**Exercise input**
•••
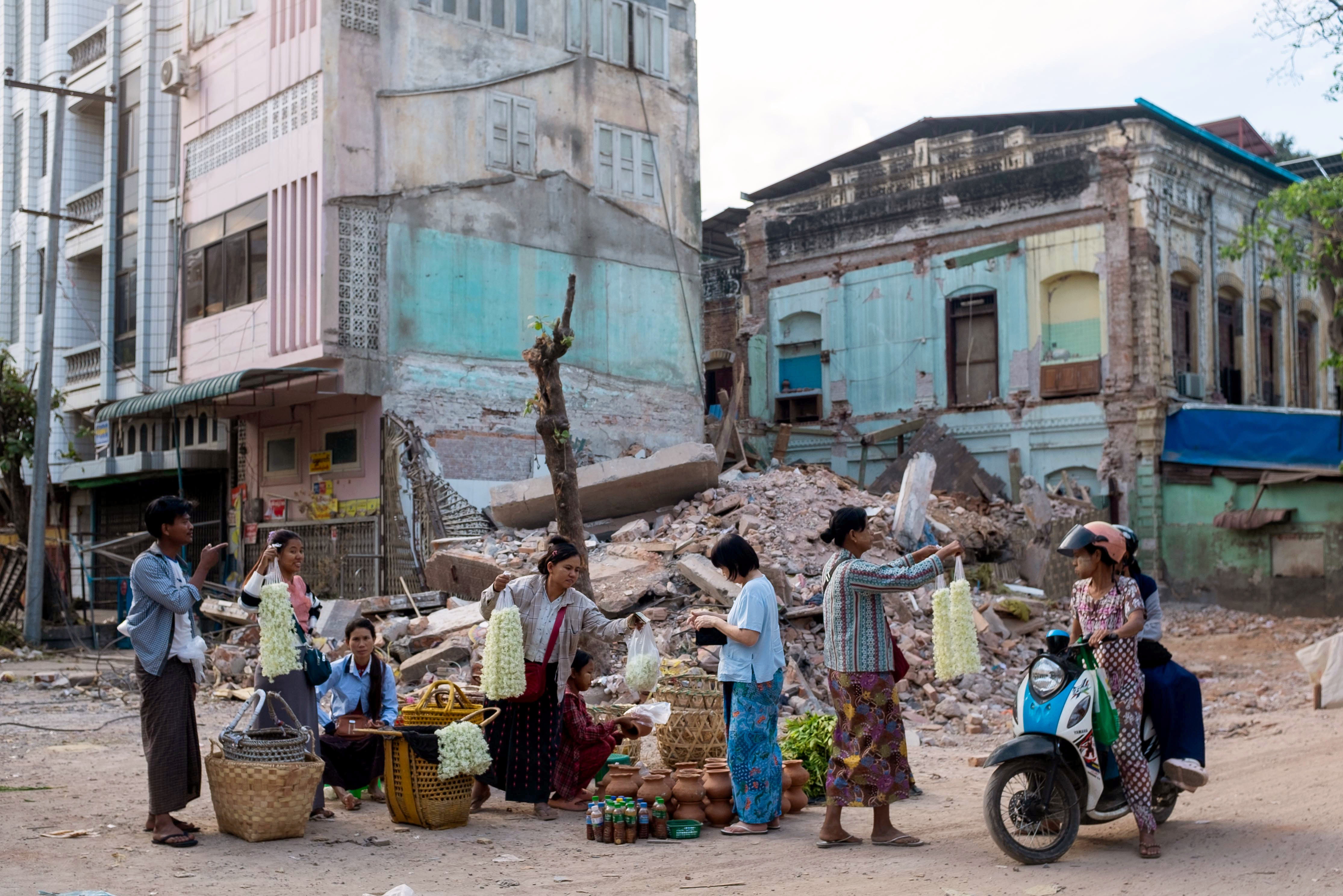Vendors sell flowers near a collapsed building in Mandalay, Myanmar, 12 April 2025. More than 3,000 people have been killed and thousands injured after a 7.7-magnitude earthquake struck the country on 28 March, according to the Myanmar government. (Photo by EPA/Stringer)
•••
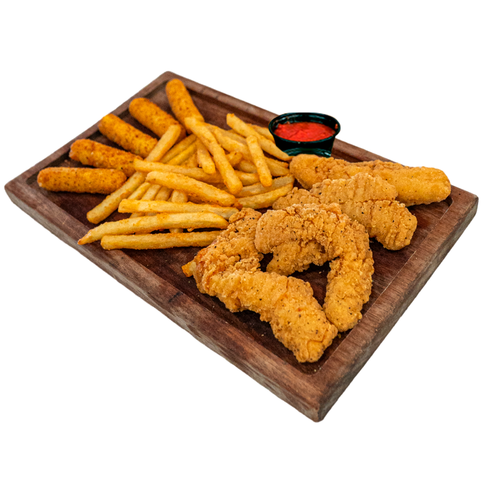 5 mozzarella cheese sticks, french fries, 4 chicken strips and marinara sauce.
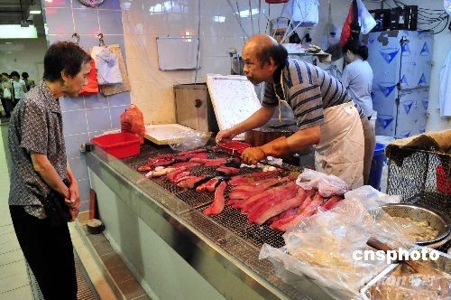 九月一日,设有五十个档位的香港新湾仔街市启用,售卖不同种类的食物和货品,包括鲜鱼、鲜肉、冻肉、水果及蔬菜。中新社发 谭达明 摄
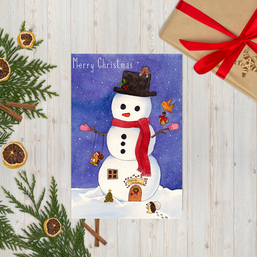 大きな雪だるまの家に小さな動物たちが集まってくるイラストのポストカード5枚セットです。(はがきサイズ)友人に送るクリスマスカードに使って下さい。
•••
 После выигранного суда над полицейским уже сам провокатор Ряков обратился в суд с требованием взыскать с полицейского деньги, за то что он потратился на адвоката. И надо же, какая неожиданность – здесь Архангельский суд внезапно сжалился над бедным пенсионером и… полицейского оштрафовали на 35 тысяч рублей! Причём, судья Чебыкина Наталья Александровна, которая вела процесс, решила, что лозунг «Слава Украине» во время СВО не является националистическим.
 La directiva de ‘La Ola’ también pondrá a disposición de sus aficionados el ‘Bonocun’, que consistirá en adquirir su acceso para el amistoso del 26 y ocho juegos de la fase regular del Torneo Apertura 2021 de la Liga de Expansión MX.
•••
**How to complete this task**
In the listing above, find the line with "5 mozzarella cheese" and the line with "大きな雪だるまの家に小さな動". Set down exactly those lines and everything between them, skipping pictures.

**Your solution**
 5 mozzarella cheese sticks, french fries, 4 chicken strips and marinara sauce.
 九月一日,设有五十个档位的香港新湾仔街市启用,售卖不同种类的食物和货品,包括鲜鱼、鲜肉、冻肉、水果及蔬菜。中新社发 谭达明 摄
 大きな雪だるまの家に小さな動物たちが集まってくるイラストのポストカード5枚セットです。(はがきサイズ)友人に送るクリスマスカードに使って下さい。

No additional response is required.